Streptococcus pyogenes and Streptococcal Disease (page 2)

(This chapter has 4 pages)

© Kenneth Todar, PhD

Pathogenesis

Streptococcus pyogenes owes its major success as a pathogen to its ability to colonize and rapidly multiply and spread in its host while evading phagocytosis and confusing the immune system.

Acute diseases associated with Streptococcus pyogenes occur chiefly in the respiratory tract, bloodstream, or the skin. Streptococcal disease is most often a respiratory infection (pharyngitis or tonsillitis) or a skin infection (pyoderma). Some strains of streptococci show a predilection for the respiratory tract; others, for the skin. Generally, streptococcal isolates from the pharynx and respiratory tract do not cause skin infections. Figure 3 describes the pathogenesis of S. pyogenes infections.
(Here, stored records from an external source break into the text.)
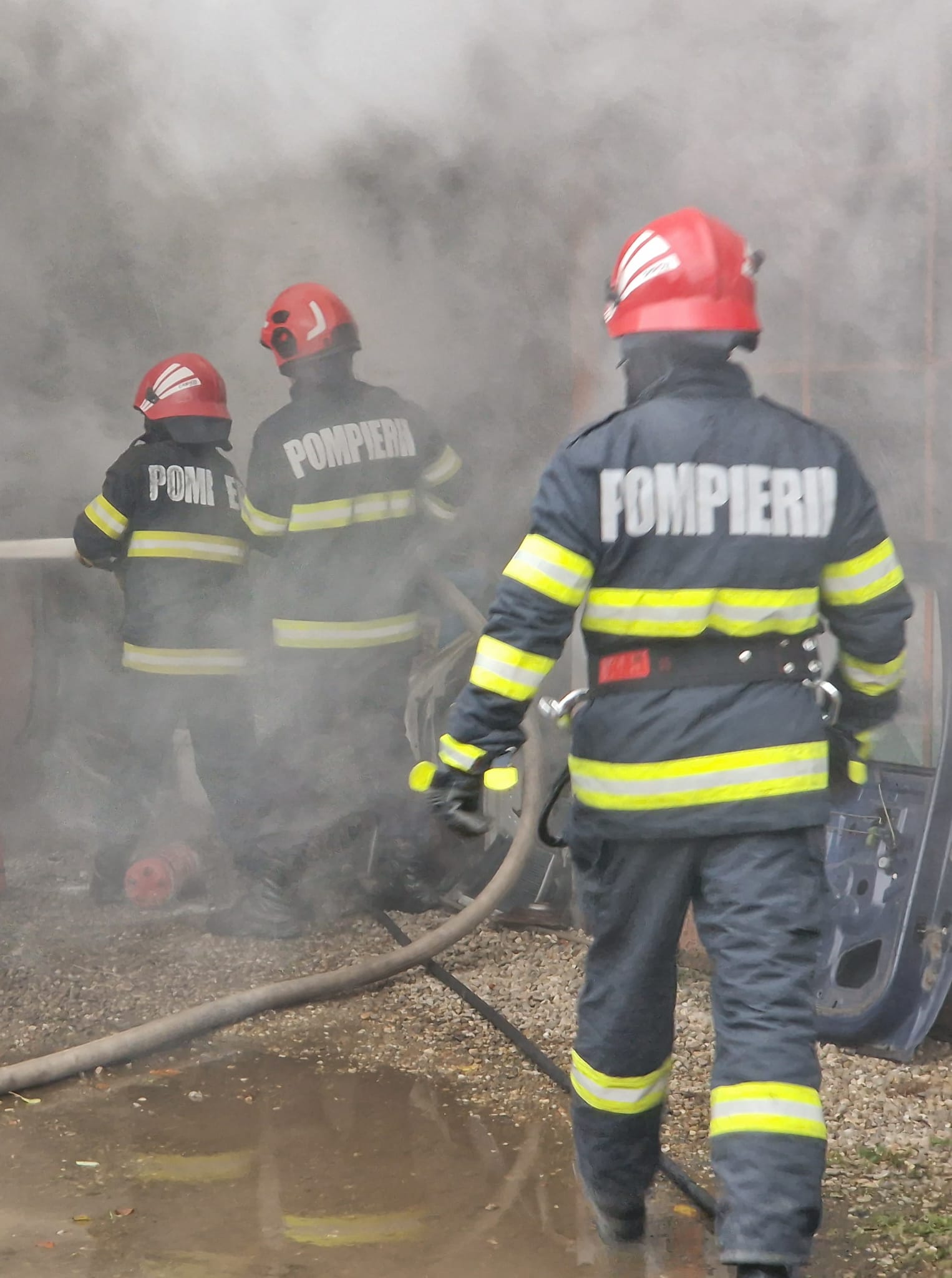 Pompierii intervin de urgență, în aceste momente, să lichideze incendiul violent care a cuprins un autobuz în care erau șoferul și 25 de călători.
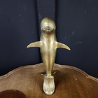 Vintage Solid Brass Dolphin Sculpture Mid Century Modern 11 Inch
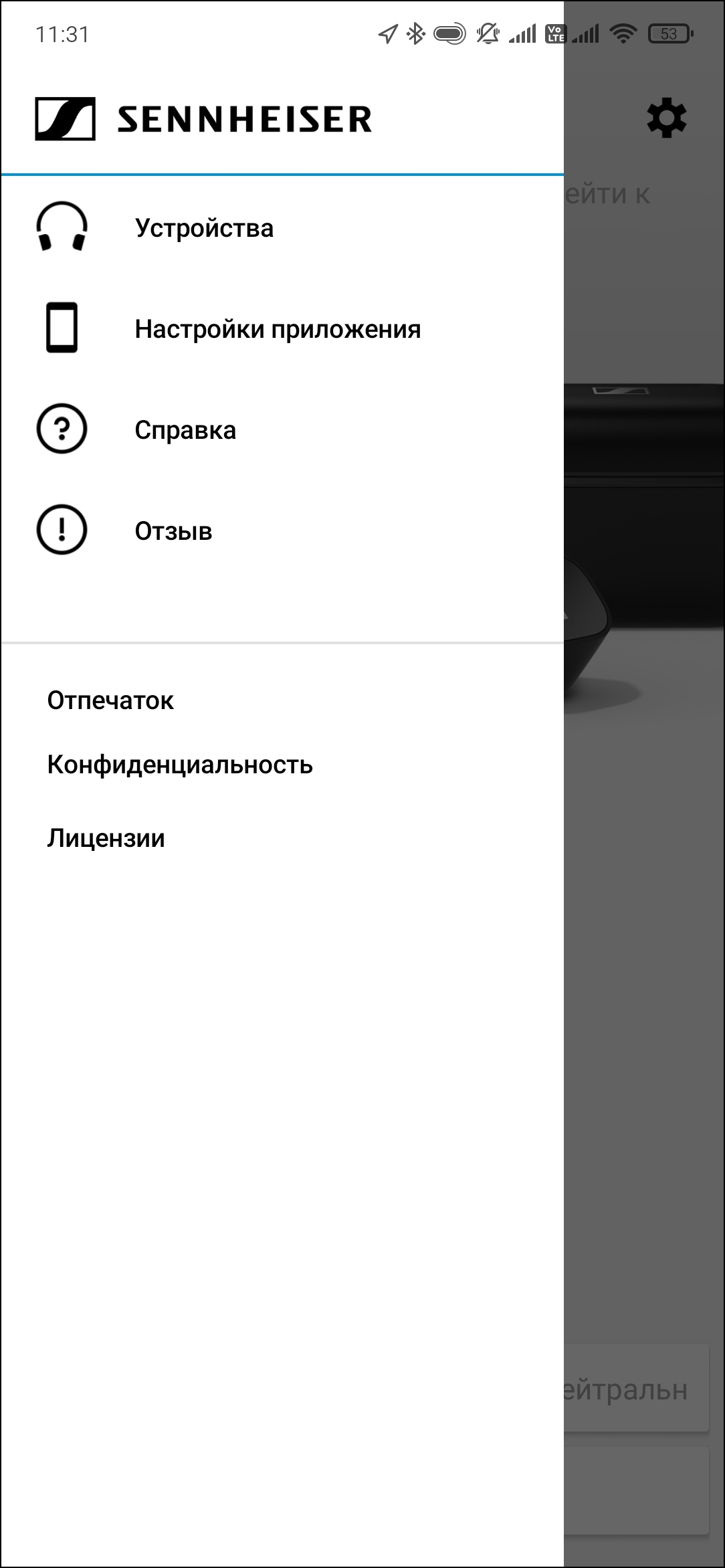 По нажатию иконки в левом верхнем углу появляется меню, в котором можно найти немало полезной информации, а также изменить параметры приложения — в частности, выбрать язык интерфейса. Сразу отметим, что в Smart Control появилась очень интересная и полезная возможность — переключение между источниками. Полноценный мультипойнт она, возможно, и не заменит. Но все равно довольно удобно. В памяти CX 400BT, кстати, сохраняются до восьми ранее подключенных устройств.

S. pyogenes is the leading cause of uncomplicated bacterial pharyngitis and tonsillitis commonly referred to a strep throat. Other respiratory infections include sinusitis, otitis, and pneumonia. Infections of the skin can be superficial (impetigo) or deep (cellulitis). Invasive streptococci cause joint or bone infections, destructive wound infections (necrotizing fasciitis) and myositis, meningitis and endocarditis. Two post streptococcal sequelae, rheumatic fever and glomerulonephritis, may follow streptococcal disease, and occur in 1-3% of untreated infections. These conditions and their pathology are not attributable to dissemination of bacteria, but to aberrent immunological reactions to Group A streptococcal antigens. Scarlet fever and streptococcal toxic shock syndrome are systemic responses to circulating bacterial toxins.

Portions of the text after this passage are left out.